Dans les collines isolées d’Itombwe et de Mwenga, le spectre du choléra et de la rougeole sème la panique.
Entre pénuries de médicaments, déplacements massifs et insécurité alimentaire, les communautés se retrouvent impuissantes face à une urgence sanitaire qui prend des vies et détruit des familles.
La zone de santé d’Itombwe est en alerte maximale. Des cas de choléra ont été confirmés dans les aires de santé de Miki, Kabumbu, Kitopwe et Lubumba. Les habitants vivent dans la peur constante de la contamination. « Chaque jour, nous voyons des voisins tomber malade sans pouvoir les aider », confie une infirmière locale, la voix tremblante. Les hôpitaux débordent, et les mesures de prévention peinent à atteindre les villages reculés.
À Mwenga et Kitutu, la situation est tout aussi dramatique. La rougeole frappe quatre aires de santé avec une intensité alarmante, touchant particulièrement les enfants. « Ma petite fille a été hospitalisée hier, et je crains pour sa vie », raconte une mère, la gorge serrée par l’angoisse. Les déplacements forcés dus aux conflits et la faim aggravent l’épidémie, rendant l’accès aux soins presque impossible pour de nombreuses familles.

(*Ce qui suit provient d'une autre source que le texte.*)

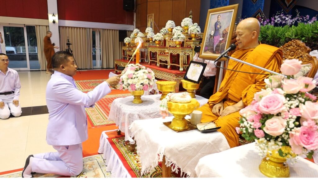 พร้อมกล่าวคำถวายสังฆทาน พระสงฆ์เจริญพระพุทธมนต์ อาราธนาธรรม จากนั้นประธานฝ่ายสงฆ์แสดงพระธรรมเทศนา นำเจริญพระพุทธมนต์ ประธานในพิธีและผู้เข้าร่วมพิธีถวายการปฏิบัติธรรม เจริญพุทธานุสติเป็นเวลา 10 นาที พร้อมน้อมจิตอุทิศถวายเป็นพระราชกุศลแด่พระบาทสมเด็จพระบรมชนกาธิเบศร มหาภูมิพลอดุลยเดชมหาราช บรมนาถบพิตร รวมถึงสมเด็จพระนางเจ้าสิริกิติ์ พระบรมราชินีนาถ พระบรมราชชนนีพันปีหลวง ร่วมแสดงออกถึงความจงรักภักดี ความสามัคคี และการน้อมนำหลักธรรมคำสอนตามแนวพระราชดำริมาเป็นแนวทางในการดำเนินชีวิต อันก่อให้เกิดประโยชน์สุขแก่ประชาชนและประเทศชาติสืบไป

Les carences en produits pharmaceutiques et en matériel médical deviennent un obstacle quotidien. Les pharmacies locales sont vides, les centres de santé sous-équipés. « Nous manquons de tout, des réactifs pour diagnostiquer le choléra aux vaccins pour prévenir la rougeole », alerte un médecin de terrain. Chaque jour, le personnel soignant doit faire face à des choix déchirants entre qui recevoir en priorité et qui laisser attendre.
La société civile ne reste pas silencieuse. Lungele Itebo Samuel, président des Forces vives de Mwenga, lance un appel désespéré aux autorités et aux ONG internationales : « Nous avons besoin d’aide immédiate. Nos populations meurent dans l’indifférence. Chaque minute compte ». Son cri reflète la détresse d’une communauté entière qui se sent oubliée et abandonnée.

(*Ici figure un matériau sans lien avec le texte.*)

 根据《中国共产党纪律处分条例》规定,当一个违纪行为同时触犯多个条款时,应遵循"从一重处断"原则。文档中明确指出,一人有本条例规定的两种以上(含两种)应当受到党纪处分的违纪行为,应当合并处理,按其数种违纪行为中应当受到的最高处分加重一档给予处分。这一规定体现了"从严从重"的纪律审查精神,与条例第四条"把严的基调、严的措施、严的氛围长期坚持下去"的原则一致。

Les témoignages des habitants révèlent l’ampleur du drame. Un jeune homme de Kitopwe raconte : « Nous vivons avec la peur de sortir de nos maisons. La maladie se propage plus vite que nous ne pouvons réagir. » Un autre parent, de Kabumbu, ajoute : « Voir nos enfants souffrir sans médicaments nous brise le cœur. C’est un cauchemar quotidien. » Ces paroles mettent en lumière la dimension humaine et tragique de l’épidémie.

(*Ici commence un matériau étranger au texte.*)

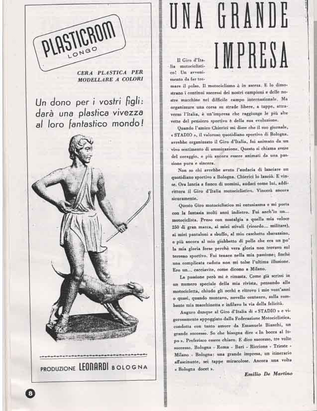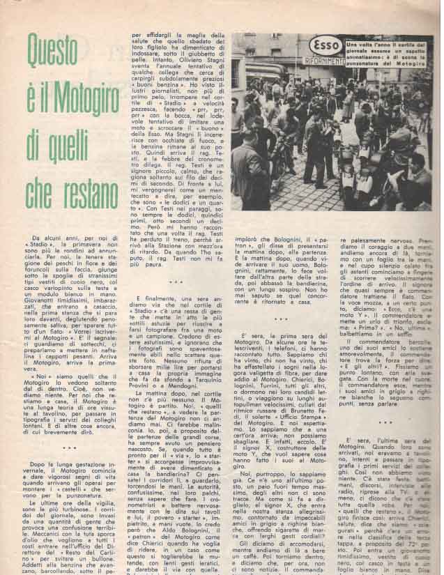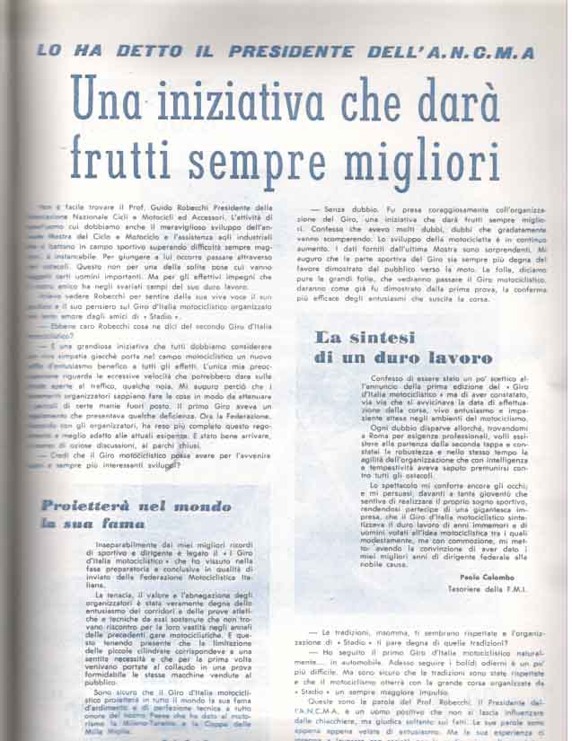 La manifestazione richiamava un numero impressionante di appassionati. Nel corso dell’ anno, il Motogiro d’Italia era la prima manifestazione che si teneva per le strade italiane, nei mesi di Marzo – Aprile, seguito dalla Mille Miglia che si correva a Maggio, per continuare con la Milano Taranto a Luglio.

Face à cette crise, l’urgence est claire : renforcer les centres de santé, acheminer des médicaments et vaccins, et sensibiliser les communautés sur les mesures d’hygiène et de prévention. La coordination entre autorités locales, ONG et partenaires internationaux pourrait être la clé pour sauver des vies. Mais le temps presse, et chaque retard peut coûter des vies supplémentaires. « Nous ne pouvons plus attendre, chaque instant perdu est une vie de trop », conclut Lungele Itebo Samuel avec gravité.